--- RECORD EXCERPTS Enclosed Below ---

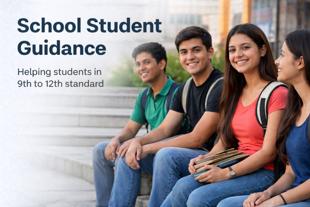 Our school student guidance program is the foundation of our free services offering. Designed specifically for students in their critical academic years — particularly those completing their 9th, 10th, 11th, and 12th standards — this program provides structured, professional guidance at a time when students need it most.
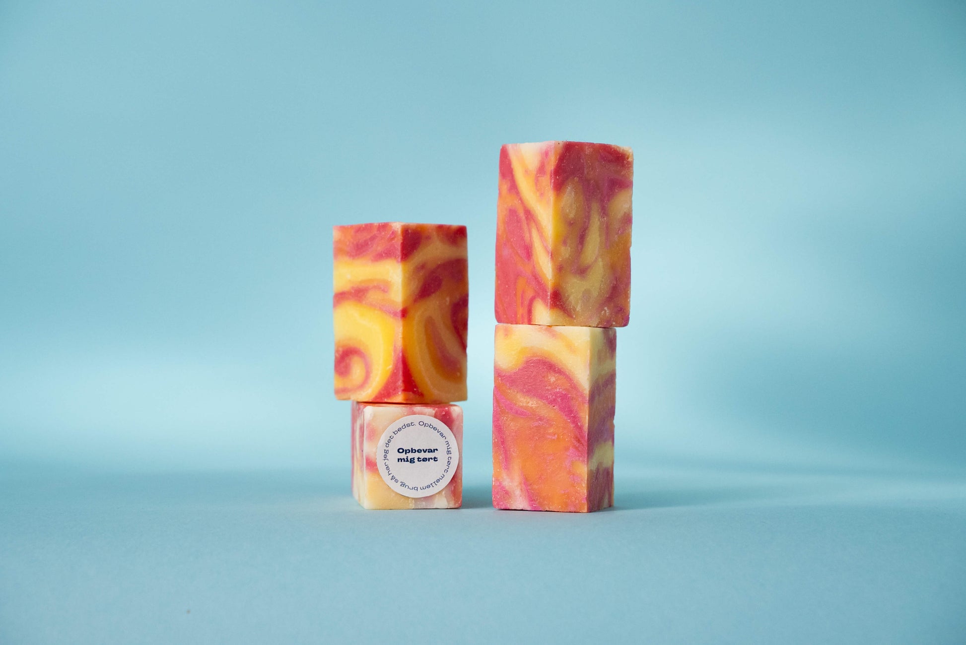 Koldrørt krops- og håndsæbe med kokos- og blodappelsinolie (økologisk og vegansk), rensende og forfriskende. Håndlavet i Danmark.
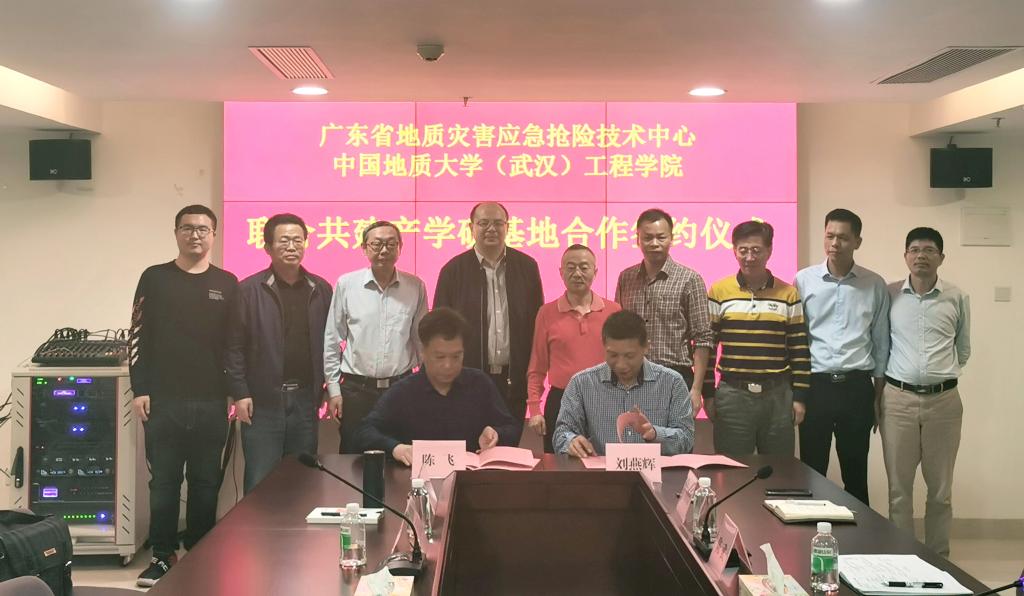 陈飞、刘燕辉签署产学研基地合作协议。根据协议,广东省地质灾害应急抢险技术中心作为中国地质大学(武汉)williamhill中国的产学研基地,双方将定期就人才的培训、技术的创新、引进与推广、联合攻关、学生实习等方面开展协商研究。
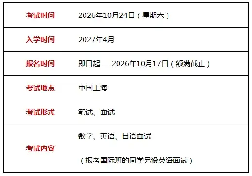 2027年入学考试信息
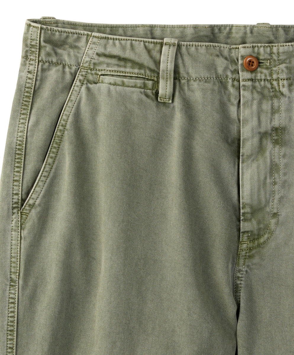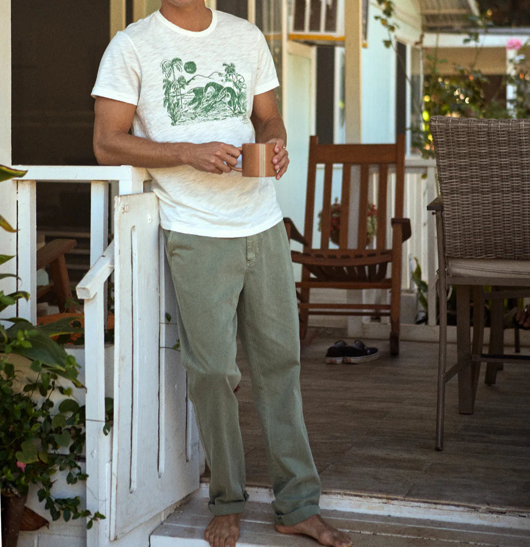 Each pair is garment-dyed for a lived-in look and washed color finish, making them instantly feel like an old favorite. Designed with a Hollywood waistband, front slant pockets with a coin stash, and back welt pockets, they deliver everyday function without sacrificing style. A zip fly with a corozo nut button closure completes the details for a timeless, sustainable essential.
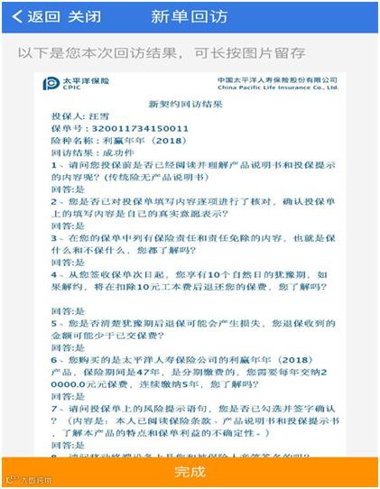 新保回访结果留存:
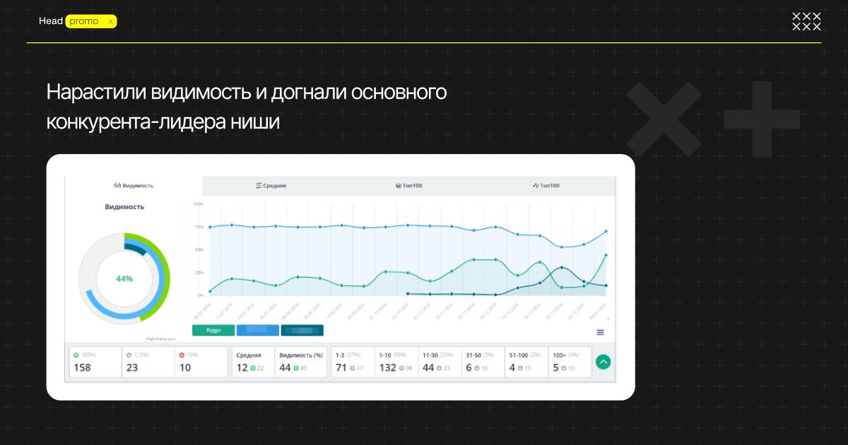 Также нам удалось повысить видимость сайта и приблизить его к главному конкуренту.
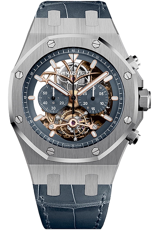Audemars Piguet Royal Oak Tourbillon Chronograph Openworked Platinum Blue Alligator 44 mm Watch - Reference 26347PT.OO.D315CR.01
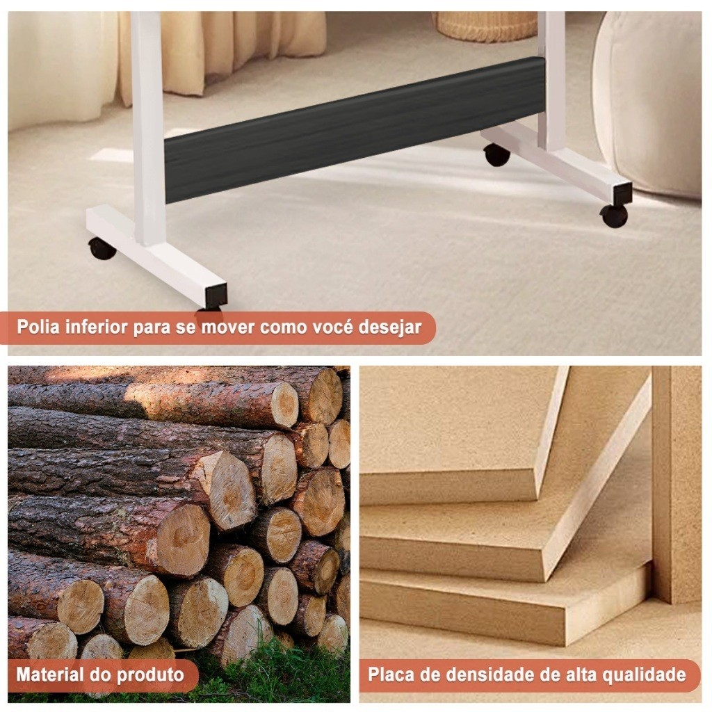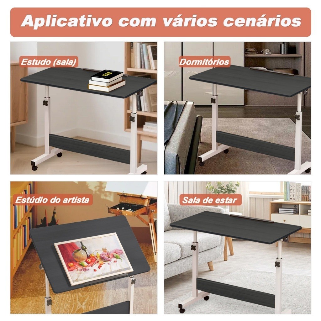 Mesa ajustável para computador com uma prateleira Mesa Escrivaninha Cama Notebook Portatil - Base de Ferro e MDF
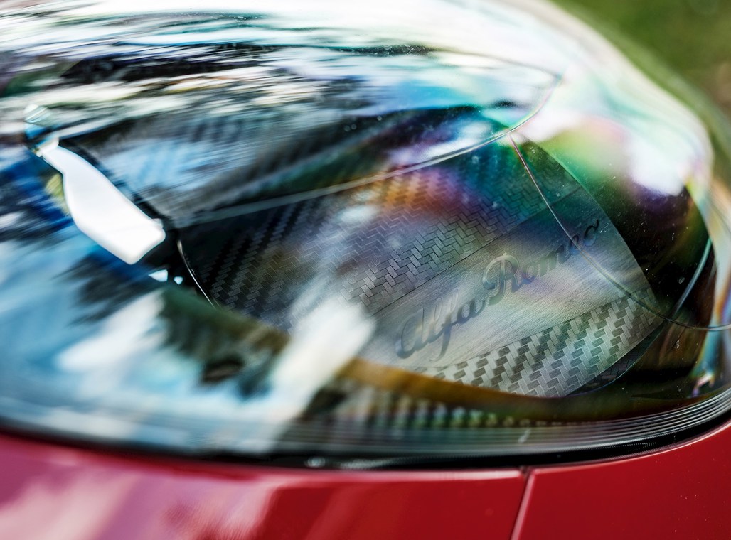 From the front, the low-slung signature Alfa Romeo triangular grille is now highlighted by a black honeycomb design, while newly updated front lamps give the car a contemporary feel. The new front light houses LED daylight running lamps and Bi-Xenon headlights.
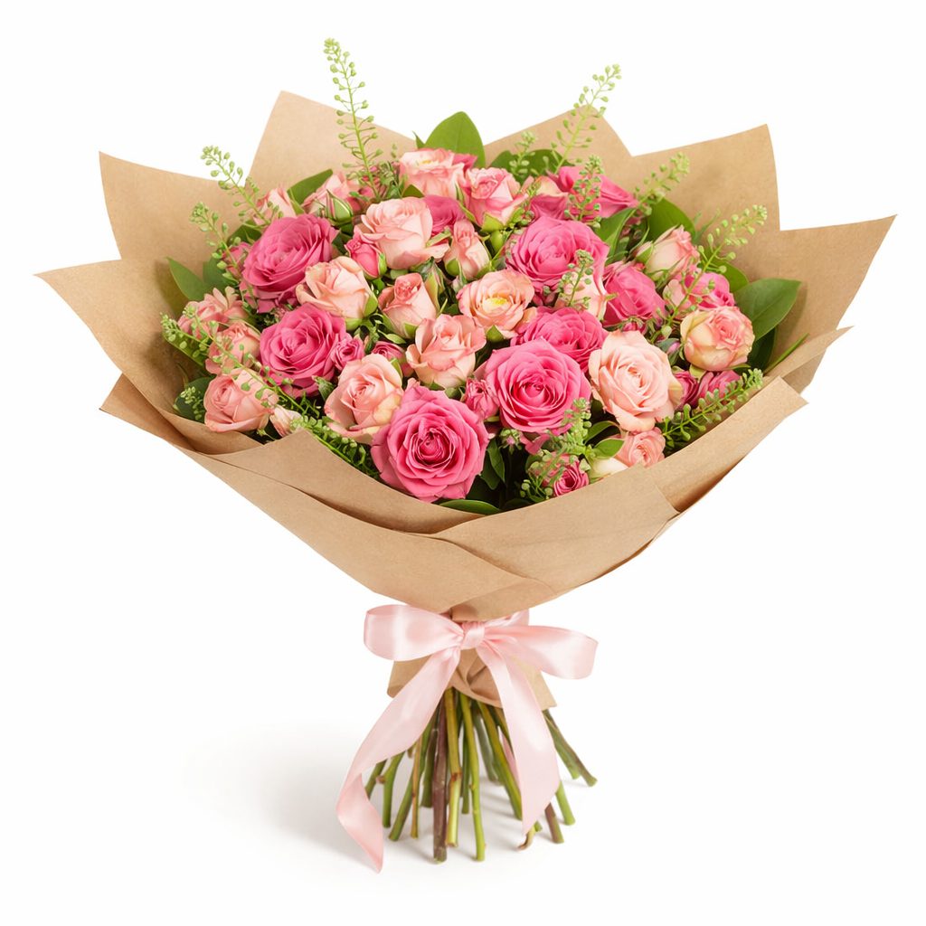 Нежные оттенки розового создают атмосферу романтики и свежести. Букет состоит из кустовых роз в миксе розовых оттенков и зелени. Упакован в крафт-бумагу с матовой плёнкой, украшен розовой лентой. Эта композиция привнесёт атмосферу весеннего обновления в дом. Подходит для подарка на свидание для любимой.
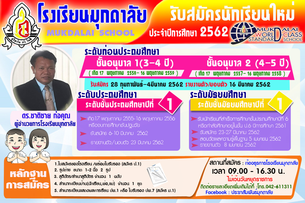 โรงเรียนมุกดาลัย เปิดรับสมัครนักเรียนใหม่ ชั้นอนุบาล 1 ประถมศึกษาปีที่ 1 และมัธยมศึกษาปีที่ 1 ประจำปีการศึกษา 2562
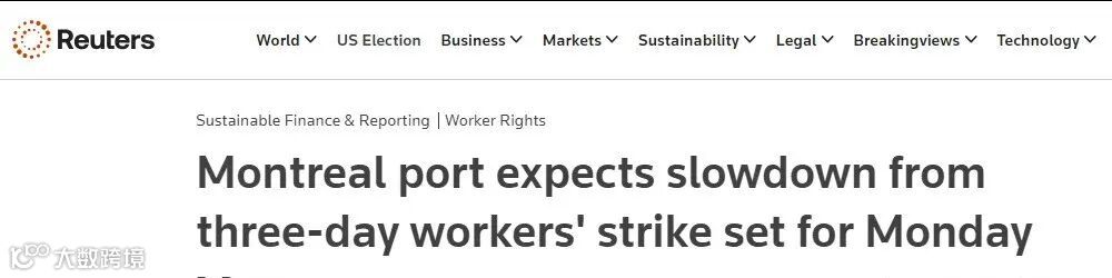 9月27日,代表蒙特利尔港码头工人的工会发出了72小时的罢工通知,码头工人将从周一(30日)早上7点开始,在Termont Montreal旗下的两个码头--Viau和Maisonneuve码头举行罢工,罢工可能会持续到周四。

--- End of Enclosed RECORD EXCERPTS ---

→ ACTIVITY: Copy out exactly the lines that begin at the line with "Each pair is" and end at the final line of the entries above. Leave out the pictures.

→ ANSWER TO THE PROBLEM:
 Each pair is garment-dyed for a lived-in look and washed color finish, making them instantly feel like an old favorite. Designed with a Hollywood waistband, front slant pockets with a coin stash, and back welt pockets, they deliver everyday function without sacrificing style. A zip fly with a corozo nut button closure completes the details for a timeless, sustainable essential.
 新保回访结果留存:
 Также нам удалось повысить видимость сайта и приблизить его к главному конкуренту.
Audemars Piguet Royal Oak Tourbillon Chronograph Openworked Platinum Blue Alligator 44 mm Watch - Reference 26347PT.OO.D315CR.01
 Mesa ajustável para computador com uma prateleira Mesa Escrivaninha Cama Notebook Portatil - Base de Ferro e MDF
 From the front, the low-slung signature Alfa Romeo triangular grille is now highlighted by a black honeycomb design, while newly updated front lamps give the car a contemporary feel. The new front light houses LED daylight running lamps and Bi-Xenon headlights.
 Нежные оттенки розового создают атмосферу романтики и свежести. Букет состоит из кустовых роз в миксе розовых оттенков и зелени. Упакован в крафт-бумагу с матовой плёнкой, украшен розовой лентой. Эта композиция привнесёт атмосферу весеннего обновления в дом. Подходит для подарка на свидание для любимой.
 โรงเรียนมุกดาลัย เปิดรับสมัครนักเรียนใหม่ ชั้นอนุบาล 1 ประถมศึกษาปีที่ 1 และมัธยมศึกษาปีที่ 1 ประจำปีการศึกษา 2562
 9月27日,代表蒙特利尔港码头工人的工会发出了72小时的罢工通知,码头工人将从周一(30日)早上7点开始,在Termont Montreal旗下的两个码头--Viau和Maisonneuve码头举行罢工,罢工可能会持续到周四。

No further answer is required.